- _What needs to be done_: Reproduce the whole listing word for word. Leave every image out.

- _Dataset extract_:
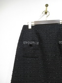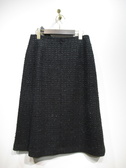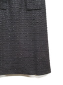 台形スカート、ひざ下丈、生地にシルバー糸を織り交ぜたツイード、裏地あり、後ろファスナー
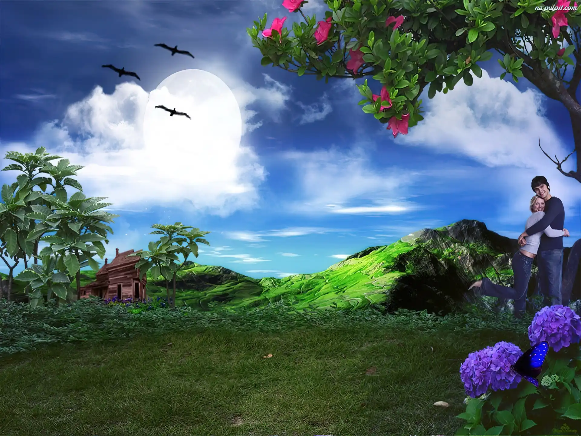 Mężczyzna, Kwiaty, Trawa, Kobieta
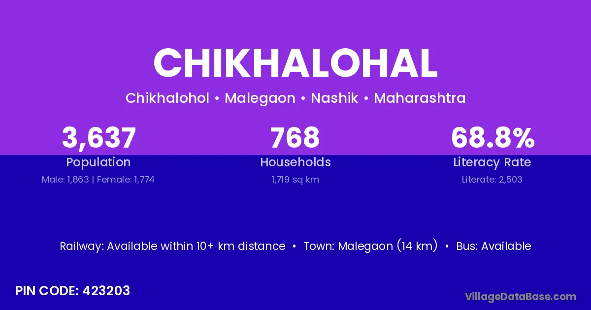 Malegaon (14 km) is the nearest town to Chikhalohal village for major economic activities and is located approximately 14 km away.

- _Reply to the task_:
 台形スカート、ひざ下丈、生地にシルバー糸を織り交ぜたツイード、裏地あり、後ろファスナー
 Mężczyzna, Kwiaty, Trawa, Kobieta
 Malegaon (14 km) is the nearest town to Chikhalohal village for major economic activities and is located approximately 14 km away.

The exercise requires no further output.